I have the following questions:

  • How would one go about proving these properties? Most of them "make sense", but this is not a valid argument. My background in formal logic (and set theory) is not large, so I will present here my thought process.
  • It "makes sense" that a predicate $\forall x (P(x))$ if and only if $\bigwedge_{x}P(x)=P(x_1) \land P(x_2) \land ...$, where $x$ loops through the domain of discourse. The same could be said about the existential quantifier, $\exists x (P(x))$ if and only if $\bigvee_{x}P(x)$. Can we take this as a definition? Is it rigurous to say that theese are definitions? How would we formalize this concept of "disjuncting" some possibly infinite number of elements in our domain of discourse.

Now I will do my best to prove the 8 properties mentioned above, assuming the so called definitions of the quantifiers (would gladly appreciate if someone elaborates this in detail). I will assume that the distributive laws and the associative/commutative laws and De Morgan's laws hold when working with an infinite number of propositions. If we were to have a finite number of propositions, one could prove the rules by doing a truth table. One could also make an argument that we can check that these rules still hold if there is a countable number of propositions (I do not think that this is a good idea because we first have to define set theory, then postulate the induction via Peano's postulates or any other way, possibly using Zermelo-Frankel axioms).
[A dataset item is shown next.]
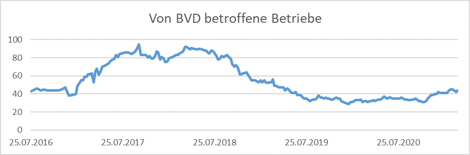 Dank den Bemühungen der Landwirte und ihrer Tierärzte ist das Auftreten der Krankheit seit dem Höchststand von 2017-2018 zurückgegangen. Allerdings wurde in den letzten Monaten wieder ein Anstieg der Fälle beobachtet. Dies zeigt, dass weiterhin die Notwendigkeit besteht, aufmerksam zu sein und die Hygienemassnahmen zu beachten.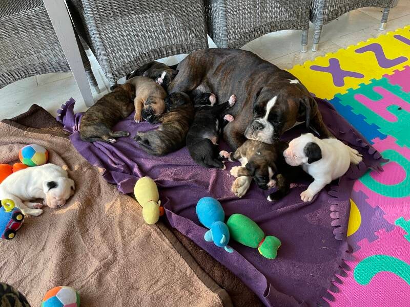 1 gele(bruine) teef(foto1) en 7 reu.

Having said that, I will attempt to prove the properties mentioned above(here the meaning of $p \iff q$ is that $p \leftrightarrow q$ is a tautology and the meaning of $p \implies q$ is that $p \to q$ is a tautology).

Proof for $1.$:
$$¬(∀x)ϕ(x) \overset{\text{definition}}{\iff} ¬ \bigwedge_x(\phi(x)) \overset{\text{De Morgan's Law}}{\iff} \bigvee_x(¬\phi(x)) \overset{\text{definition}}{\iff} (∃x)¬ϕ(x)$$

Proof for $2.$:
$$(∀x)(ϕ(x) ∧ ψ(x)) \overset{\text{definition}}{\iff} \bigwedge_x(ϕ(x) ∧ ψ(x)) \overset{\text{commutativity and associativity}}{\iff} \bigwedge_x(ϕ(x)) \land \bigwedge_x(ψ(x)) \overset{\text{definition}}{\iff} ((∀x)ϕ(x) ∧ (∀x)ψ(x))$$

Proof for $3.$: We could use the fact that $p \leftrightarrow q \iff (¬p) \leftrightarrow (¬q)$ and $2.$ The direct proof:
$$(∃x)(ϕ(x) ∨ ψ(x)) \overset{\text{definition}}{\iff} \bigvee_x(ϕ(x) ∨ ψ(x)) \overset{\text{commutativity and associativity}}{\iff} \bigvee_x(ϕ(x)) \lor \bigvee_x(ψ(x)) \overset{\text{definition}}{\iff} ((∃x)ϕ(x) ∨ (∃x)ψ(x))$$

Proof for $4.$:
$$((∀x)ϕ(x) ∨ (∀x)ψ(x)) \overset{\text{definition}}{\iff} \bigwedge_x(\phi(x)) \lor \bigwedge_x(\psi(x)) \overset{\text{distributivity}}{\iff} \bigwedge_x(\bigwedge_y(\phi(x) \lor \psi(y))) \overset{\text{distributivity(common factor)}}{\iff} \bigwedge_x(\phi(x) \lor (\bigwedge_y(\psi(y)))) \overset{\text{}}{\implies} \bigwedge_x(\phi(x) \lor \psi(x)) \overset{\text{definition}}{\iff} (∀x)(ϕ(x) ∨ ψ(x))$$

Proof for $5.$: We can deduce it from the contrapositive of $4.$.

Proof for $6.$:
$$(∀x)(∀y)ϕ(x, y) \overset{\text{definition}}{\iff} \bigwedge_x(\bigwedge_y(\phi(x, y))) \overset{\text{commutativity and associativity}}{\iff} \bigwedge_y(\bigwedge_x(\phi(x, y))) \overset{\text{definition}}{\iff} (∀y)(∀x)ϕ(x, y)$$

Proof for $7.$:This can also be deduced from the contrapositive of $6.$
$$(∃x)(∃y)ϕ(x, y) \overset{\text{definition}}{\iff} \bigvee_x(\bigvee_y(\phi(x, y))) \overset{\text{commutativity and associativity}}{\iff} \bigvee_y(\bigvee_x(\phi(x, y))) \overset{\text{definition}}{\iff} (∃y)(∃x)ϕ(x, y)$$

For $8.$: I have tried using the distributive property, but I could not find a general formula for distributing $\bigvee_x(\bigwedge_y(\phi(x, y)))$. If we could somehow generalize $5.$ such that "exists(conjunction) implies conjunction(exists)", namely $(∃x)(\bigwedge_y(\phi(x, y))) \implies \bigwedge_y((∃x)ϕ(x, y))$. But $8.$ is a generalization of $5.$, so this doesn't feel like a proof.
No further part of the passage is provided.